Tuesday 5 January 2016

Introductory Post

The following is based on my email to tutor having decided to enrol for this course:

I have completed TAOP, People & Place and Understanding Visual Culture in Part 1. Have taken a year out due to serious illness of one of our sons, Mark (see his blog on https://wrestlingmelanoma.wordpress.com/). This is an ongoing situation and I have been in contact with Steph about need to delay enrolment and/or get additional time if required.

Given that I would lose my 120 credits and that Mark is stable presently and well able to look after himself, I have decided to take the plunge and enrol for Landscape.
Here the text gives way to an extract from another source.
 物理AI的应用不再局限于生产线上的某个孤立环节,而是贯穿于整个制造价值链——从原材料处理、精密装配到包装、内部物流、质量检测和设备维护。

I have started the course using the online Chapter 1 and like the new style of being ABOUT as well as DOING. A lot of the course will I think chime well with what I studied on UVC.
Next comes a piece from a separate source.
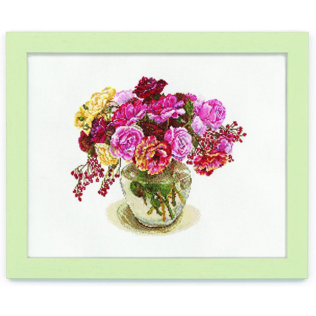 552108 Cosmo Fujico Набір для вишивки рахунковим хрестиком - Квіткова композиція з трояндами 38x30 см, Aida16

My particular interests in this course are:


  • relating some of the concepts of Lacan, Barthes and others to the course; the concept of what is reality in particular interests me and has relevance to Landscape imagery;

  • looking at the role of post processing - why do we do it? Does it enhance the beauty or the sublime? I take the not always accepted view that PP now is an integral part of the photographic process and that  reasonable expertise in PP is as important as that required for in camera techniques;

  • integrating with another of my interests: walking National Trails. I like the variety and the integration of nature with human geography; the physical and the artificial. Hinkley C site is as interesting as Exmoor AONB, for example. I would like to use Trail photographs as main project material.
So far, I have been entirely digital, not printed a single photograph or piece of writing in any module, relying solely on blogs. I think it may be a requirement of this course to produce some printed images.

The course promises
to be interesting  and will be a great opportunity to marry my photography with my interest in walking; to incorporate concepts from UVC; and to review new techniques and ideas in Landscape photography.